Start of Dataset records
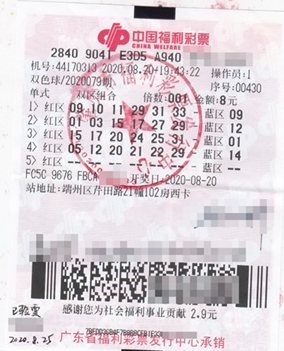 8月20日,肇庆彩民凭借一张8元4注的单式自选票,中得双色球一等奖,斩获奖金857万元奖金。8月25日上午,何阿姨(化名)在丈夫的陪同下,现身肇庆市福彩中心办理兑奖验票手续,她表示从知道自己中奖至今一直睡不好,心情一直都兴奋,等到现在心情稍微平复了才过来兑奖。
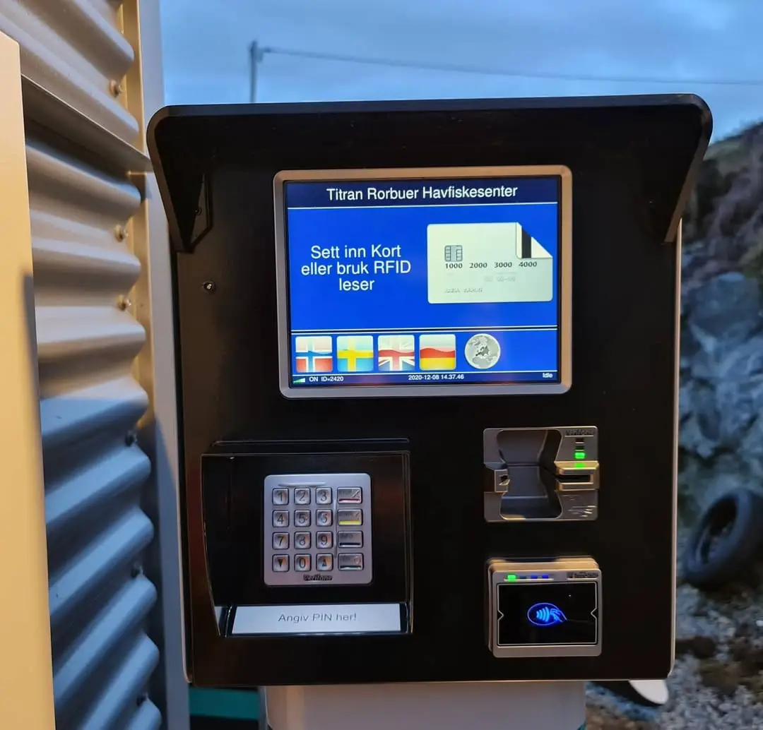 Pumpe leverer 40l/min og betaling gjøres som på vanlig bensinstasjon med eget debet eller kredittkort.
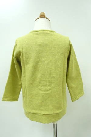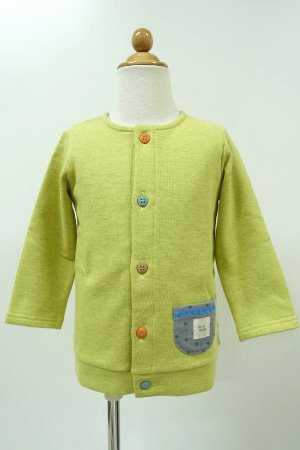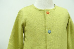 先染めスパン裏毛カーディガン。グレーがかったイエローがとってもおしゃれなイメージですカーディガンは秋冬のおしゃれの必須アイテムですね。
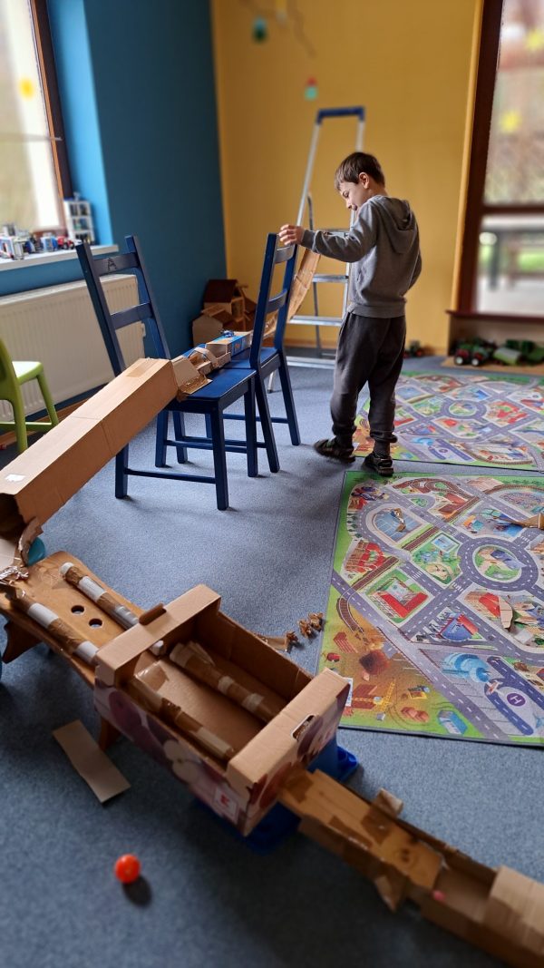 - Wieder daheim, bauten unsere Kinder gleich eine Murmelbahn nach.
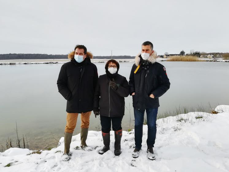 Christiane Lambert (au c.), présidente de la FNSEA, et Éric Frétillère (à g.), président d’Irrigants de France, se sont déplacés le 12 février dans le Loiret sur l’exploitation de Sébastien Méry (à d.), membre du bureau FNSEA 45, afin de tenir une conférence de presse organisée par la FNSEA CVL sur le sujet du stockage de l’eau.
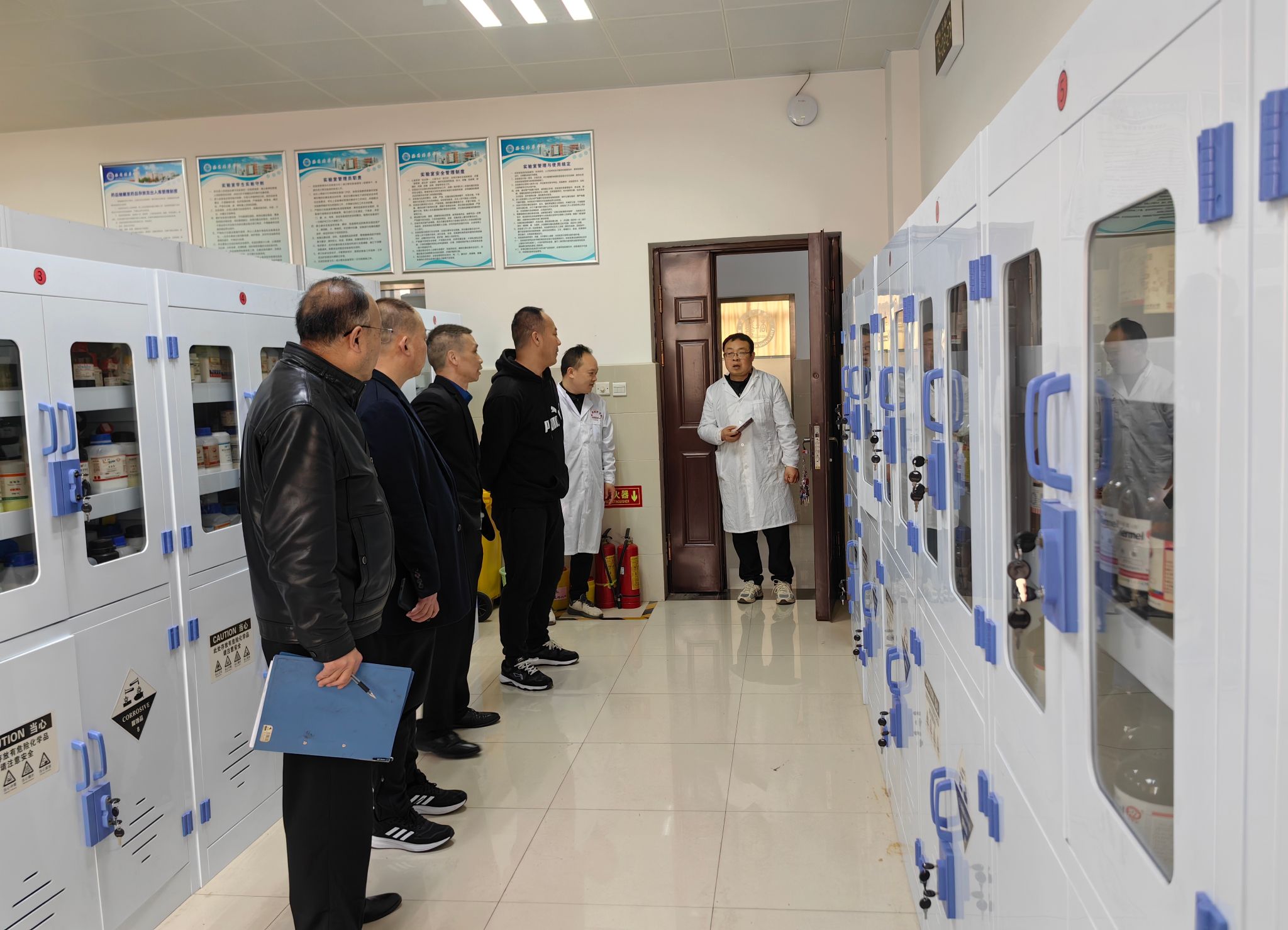 检查组还对学校实验室进行了专项检查,针对实验室消防设施、实验仪器设备、实验操作规程、危化实验药品存放及安全管理进行了专门检查。对问题明确责任人并进行现场整改,确保校园稳定安全。
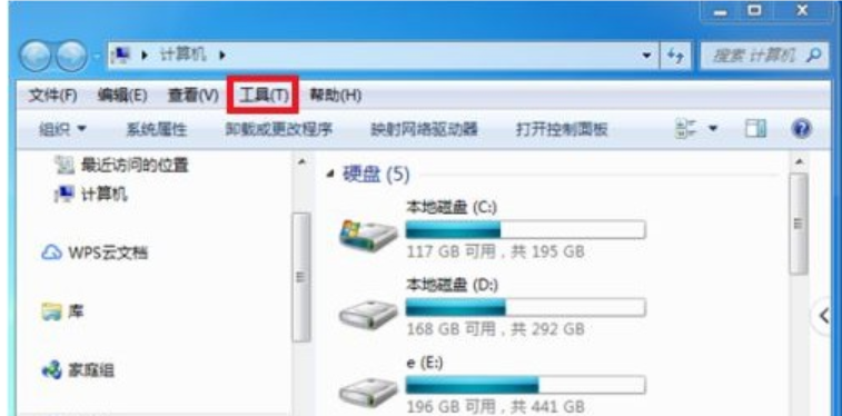 1、 電腦無(wú)法讀取U盤可能是文件夾被隱藏了,打開此電腦,點(diǎn)擊工具。
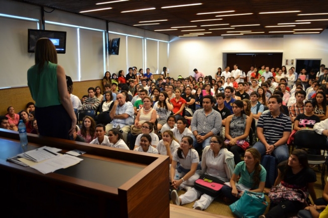 En su charla con los universitarios defendió la estrategia de seguridad de su esposo y criticó a los gobiernos anteriores que no enfrentaron al crimen organizado.
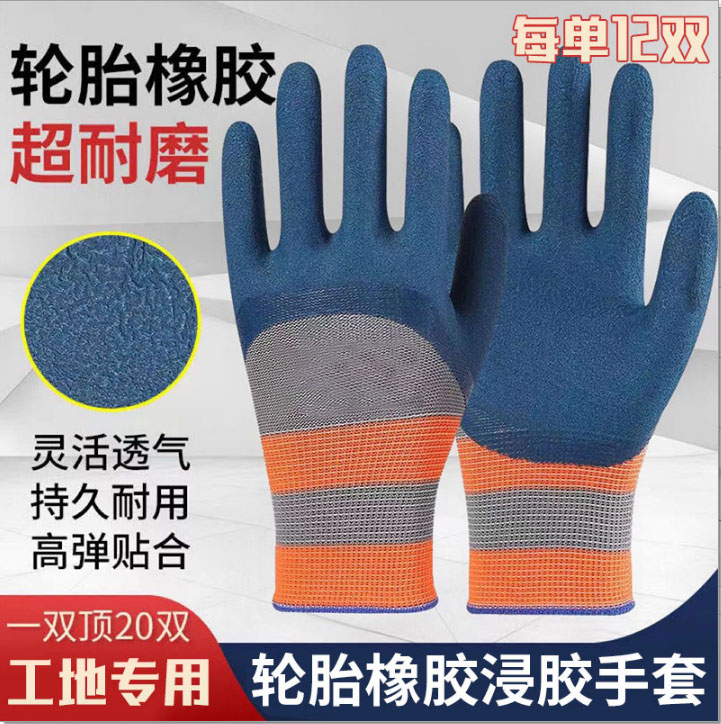 【12双】劳保发泡手套耐磨轮胎橡胶防滑防护干活建筑工地手套08171
End of Dataset records
Your instructions — Everything from the line containing "En su charla" through the last line of the entries is to be output exactly as written, minus any pictures.

Solved exercise —
 En su charla con los universitarios defendió la estrategia de seguridad de su esposo y criticó a los gobiernos anteriores que no enfrentaron al crimen organizado.
 【12双】劳保发泡手套耐磨轮胎橡胶防滑防护干活建筑工地手套08171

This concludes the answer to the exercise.